# EXERCISE INSTRUCTIONS
Once you find the line below that has "Voll beladen bin", output it and every line after it exactly, stopping after the line that has "本助成金を活用し、当団体は2", with no pictures.

━━━━━━

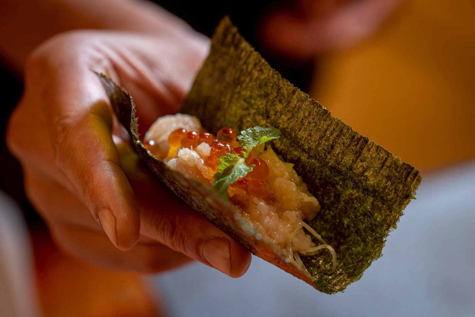 提供する鶏肉は、京都・亀岡の川のほとりで平飼いされ、適度な弾力と濃厚なうまみが特徴のオリジナルブランド鶏「京七谷赤地鶏」。このほか旬の京都産オーガニック野菜や京都の地酒など、可能な限り地元・京都の食材を使用します。【天】日本の四季の恵み、【地】京都の食材、【人】焼師や料理人の技と、【天地人】のコンセプトを存分に表現した料理やサービスをお楽しみいただければと思います。
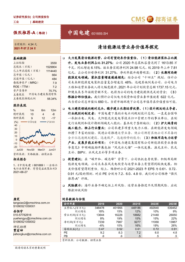 【海通证券】【20210724】中国电建-601669.SH-清洁能源运营业务价值再探究-22页
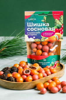 Шишка сосновая в шоколаде Ассорти Облепиха и Клюква / дой пак / 60 г / LARCH
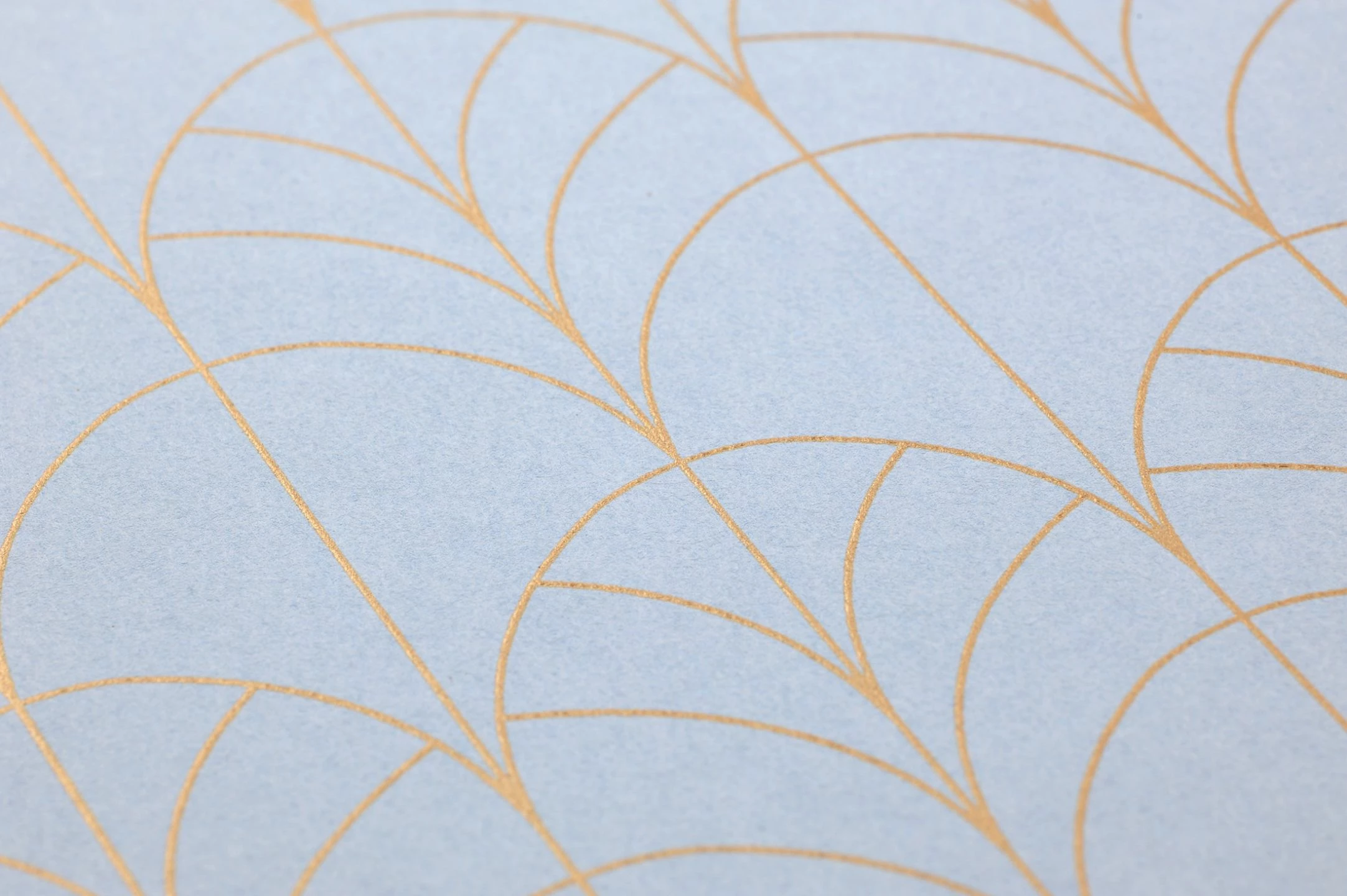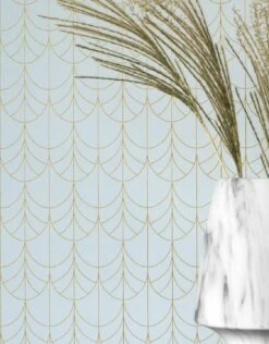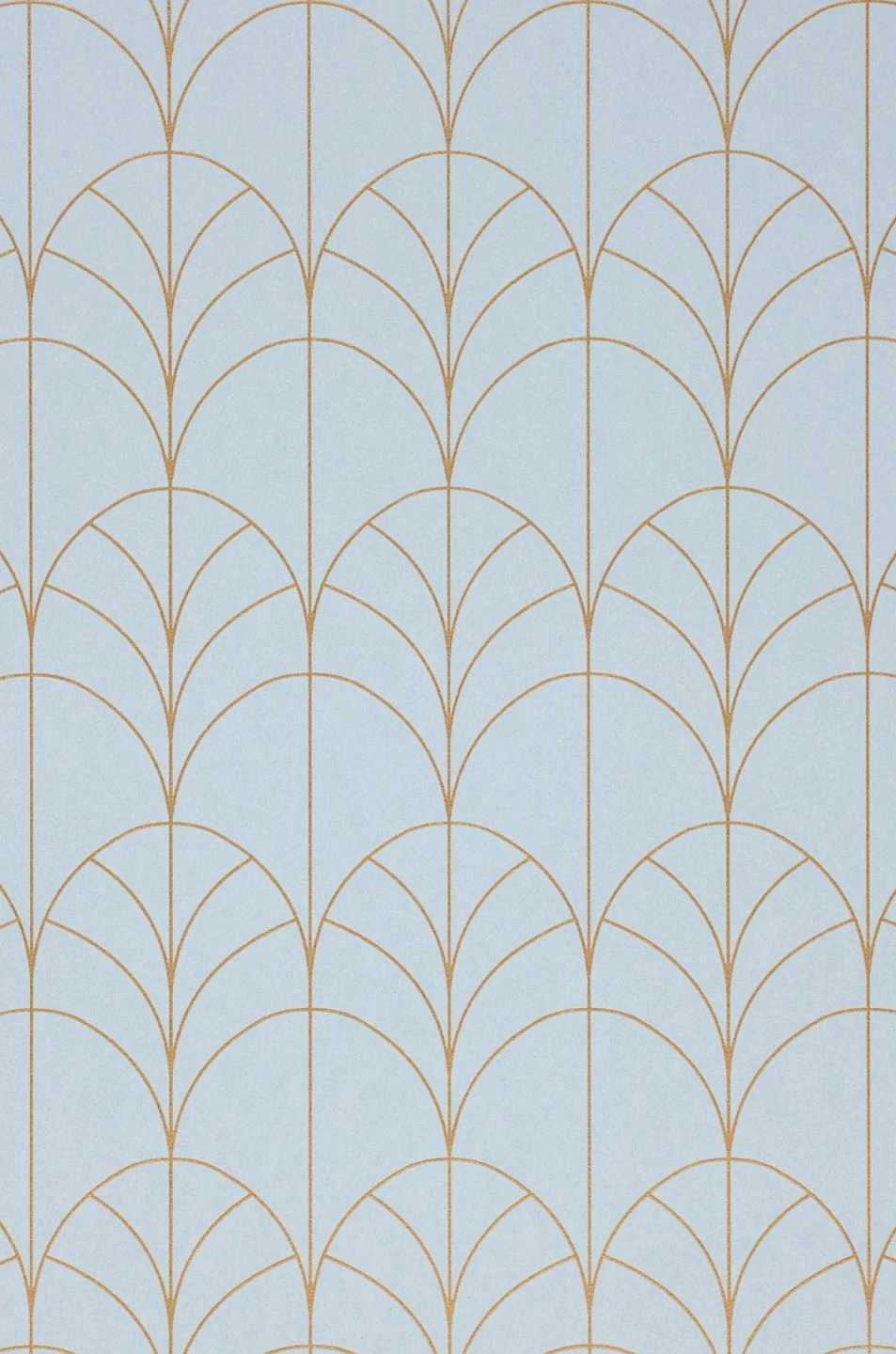Art Deco Bögen mit feiner Linienführung in schimmerndem Perlgold heben sich sanft vom zartblauen Tapetengrund ab. Das delikate Muster mit seiner tiefgründigen Unregelmäßigkeit punktet mit raffinierter Eleganz. Durch die waschbeständige Oberfläche bleibt die reine Schönheit der Designtapete gewährleistet.
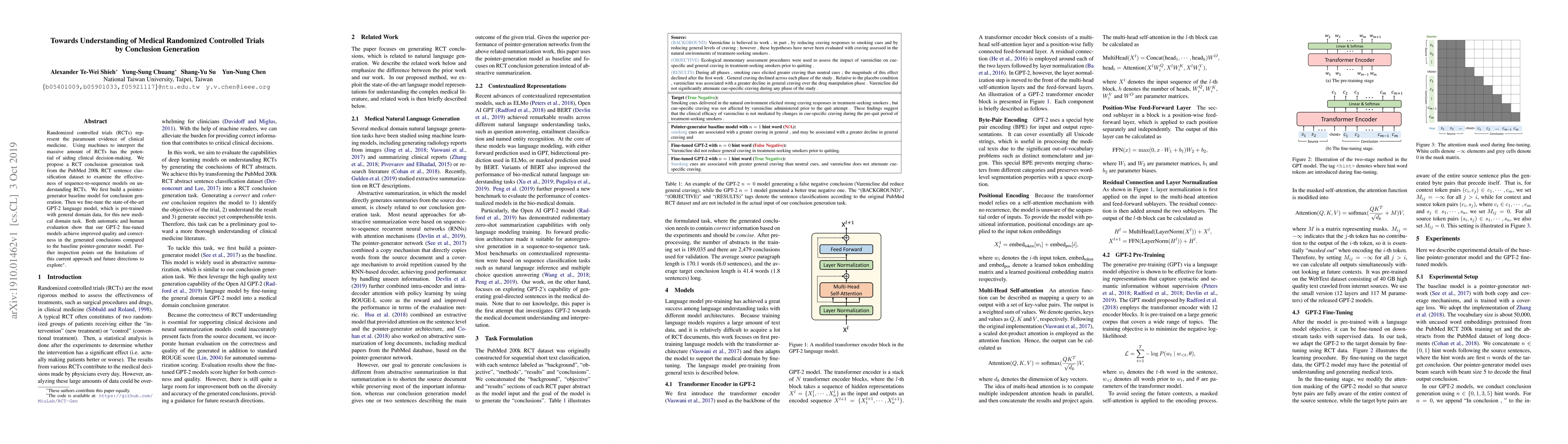 Randomized controlled trials (RCTs) represent the paramount evidence of clinical medicine. Using machines to interpret the massive amount of RCTs has the potential of aiding clinical decision-making. We propose a RCT conclusion generation task from the PubMed 200k RCT sentence classification dataset to examine the effectiveness of sequence-to-sequence models on understanding RCTs. We first build a pointer-generator baseline model for conclusion generation. Then we fine-tune the state-of-the-art GPT-2 language model, which is pre-trained with general domain data, for this new medical domain task. Both automatic and human evaluation show that our GPT-2 fine-tuned models achieve improved quality and correctness in the generated conclusions compared to the baseline pointer-generator model. Further inspection points out the limitations of this current approach and future directions to explore.
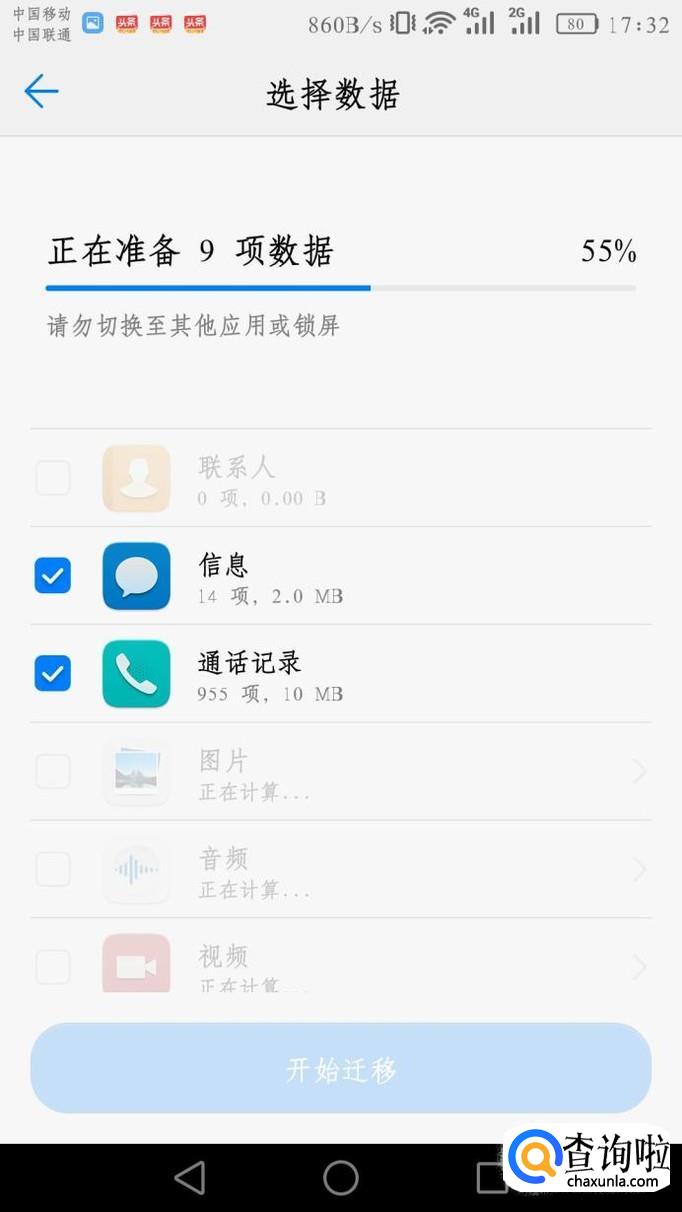 等待几秒,旧手机会让用户选择传输哪些文件,选择好直接选择开始迁移就能够把文件克隆过去了。
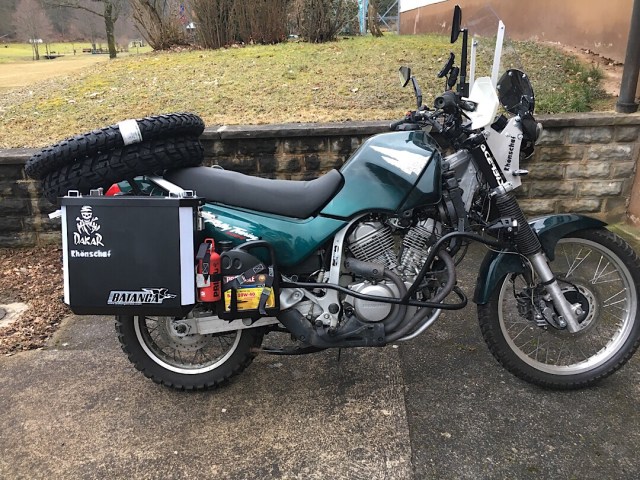Voll beladen bin ich dann in Frankfurt angekommen. 100 war keine Reisegeschwindigkeit, das war pure Raserei. Das Fahrwerk komplett überladen, jedoch für die Fernreise schon abgestimmt, die Maske hält. Auch starke Windböhen sind super damit zu fahren, sodass es zu keine Problemen gekommen ist. Gewichtsverteilung muss ich noch angehen. Weiterhin steht der Scottoiler aus, welchen ich von der CBR 1100 XX auf der TA haben möchte. Und elektronische Feinheiten 😉 die müssen noch verfeinert werden.
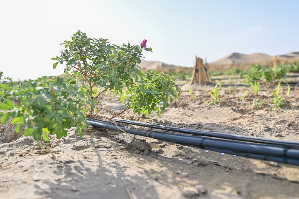 这是在新疆和田地区于田县万花园防沙治沙示范区拍摄的玫瑰花苗(4月15日摄)。  新华社记者 丁磊 摄
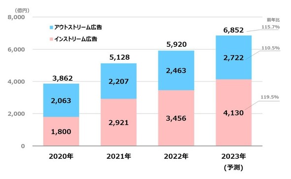 ビデオ(動画)広告市場についても同様の見解を発表。前年比115.7%と引き続き高い成長率を維持し、6852億円まで拡大すると予測している。
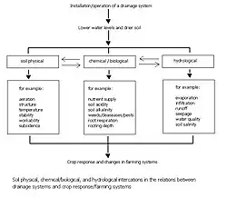 - El sistema de drenaje influye esa profundidad. La relación entre el diseño del sistema de drenaje y la profundidad del freático se puede describir con la ecuación de drenaje en la cual el requerimiento de drenaje se determina de un balance hídrico del suelo .[1]
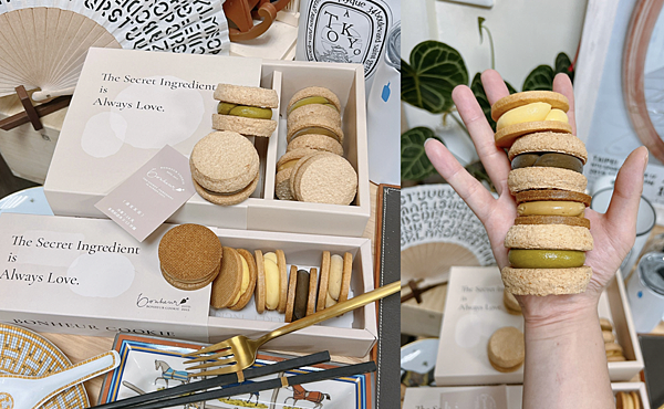 如果你還是不愛蛋白餅並這種口感的達克瓦茲,奶油餅這個也ok,內餡一樣講究的我的5入綜合口味包括有日本柚子檸檬夾心、一保堂焙茶、瑪黑皇家婚禮焦糖夾心、咖啡焦糖榛果、楊枝甘露等口味。
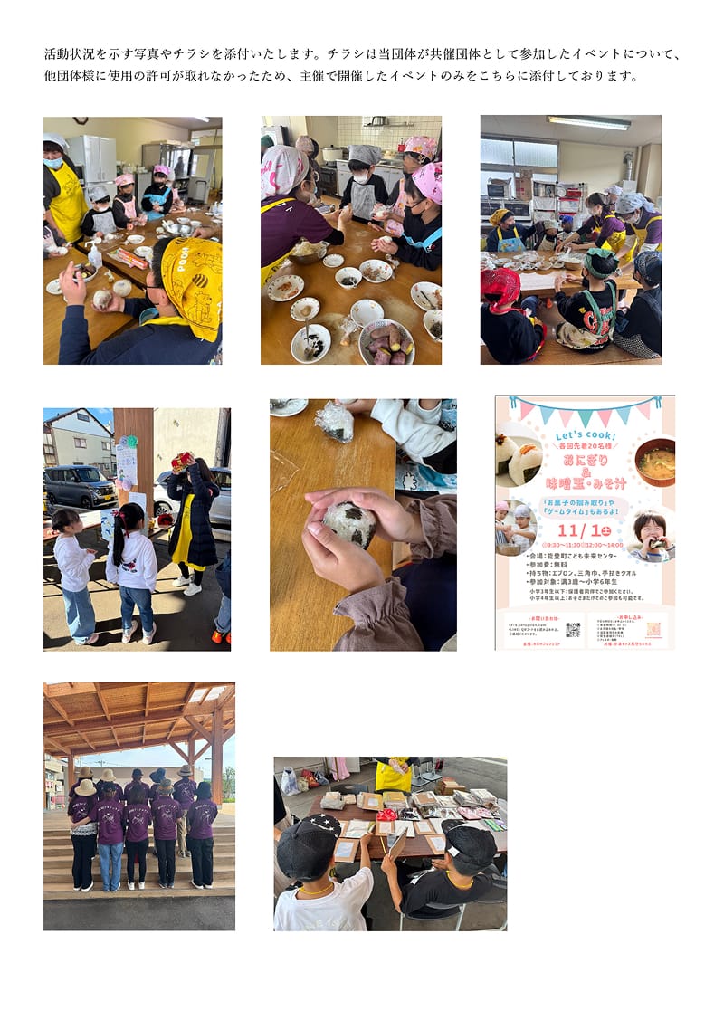 本助成金を活用し、当団体は2025年6月および11月に、被災地の子ども食堂が主催するイベントへの参加および主催イベントを通じて、子どもたちとその家族、地域住民を対象とした食育・体験型の支援活動を実施しました。
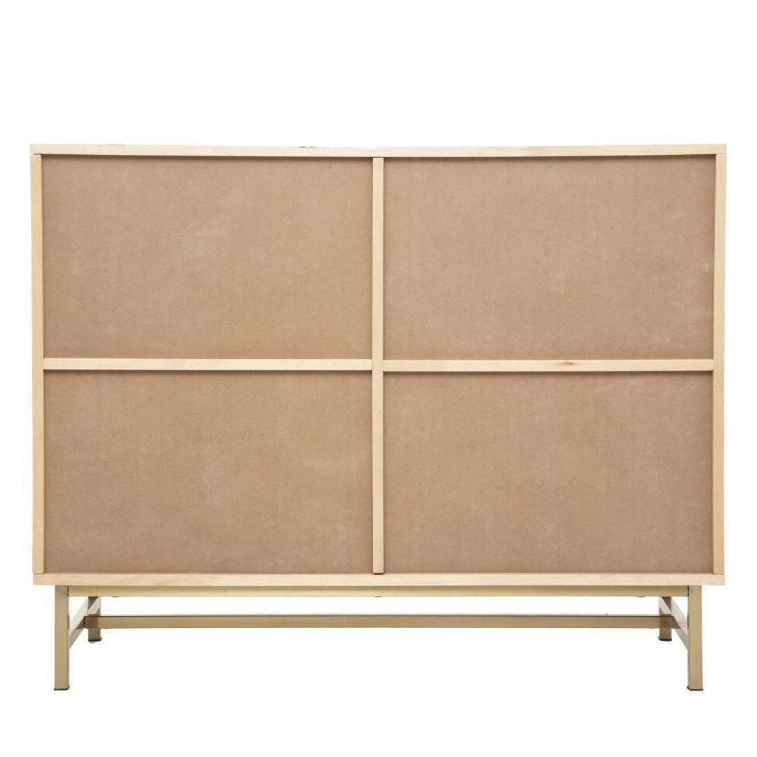 Komoda z rattanowymi rozsuwanymi frontami to mebel wykonany w stylu Boho. Charakteryzuje się on wykonaniem z naturalnych materiałów i bliskim kontakcie z naturą. Plecionka z rattanu umieszczona została w drewnianych- brzozowych frontach komody, dodając meblowi wizualnej lekkości. Zaletą Rayo są 2 szerokie półki z przesuwanymi drzwiczkami. Mebel sprawdzi się w salonie, przechowa twoją zastawę stołową lub inne przedmioty. Nogi komody oraz uchwyty zostały wykonane z metalu, pomalowanego na złoty kolor. Stanowią one subtelną dekorację, która nie zakłóca klasycznej i minimalistycznej stylistyki mebla. Korpus komody to niezwykle wytrzymała płyta meblowa, w okleinie imitującej drewno. Rayo o naturalnych barwach optycznie ociepli twoją przestrzeń. Ten urokliwy produkt z pewnością zawróci w głowie niejednej osobie. Jeśli chcesz w jednolity sposób urządzić swoje mieszkanie postaw na inne meble z tej samej serii!

━━━━━━

# OUTPUT FOR THIS EXERCISE
Voll beladen bin ich dann in Frankfurt angekommen. 100 war keine Reisegeschwindigkeit, das war pure Raserei. Das Fahrwerk komplett überladen, jedoch für die Fernreise schon abgestimmt, die Maske hält. Auch starke Windböhen sind super damit zu fahren, sodass es zu keine Problemen gekommen ist. Gewichtsverteilung muss ich noch angehen. Weiterhin steht der Scottoiler aus, welchen ich von der CBR 1100 XX auf der TA haben möchte. Und elektronische Feinheiten 😉 die müssen noch verfeinert werden.
 这是在新疆和田地区于田县万花园防沙治沙示范区拍摄的玫瑰花苗(4月15日摄)。  新华社记者 丁磊 摄
 ビデオ(動画)広告市場についても同様の見解を発表。前年比115.7%と引き続き高い成長率を維持し、6852億円まで拡大すると予測している。
 - El sistema de drenaje influye esa profundidad. La relación entre el diseño del sistema de drenaje y la profundidad del freático se puede describir con la ecuación de drenaje en la cual el requerimiento de drenaje se determina de un balance hídrico del suelo .[1]
 如果你還是不愛蛋白餅並這種口感的達克瓦茲,奶油餅這個也ok,內餡一樣講究的我的5入綜合口味包括有日本柚子檸檬夾心、一保堂焙茶、瑪黑皇家婚禮焦糖夾心、咖啡焦糖榛果、楊枝甘露等口味。
 本助成金を活用し、当団体は2025年6月および11月に、被災地の子ども食堂が主催するイベントへの参加および主催イベントを通じて、子どもたちとその家族、地域住民を対象とした食育・体験型の支援活動を実施しました。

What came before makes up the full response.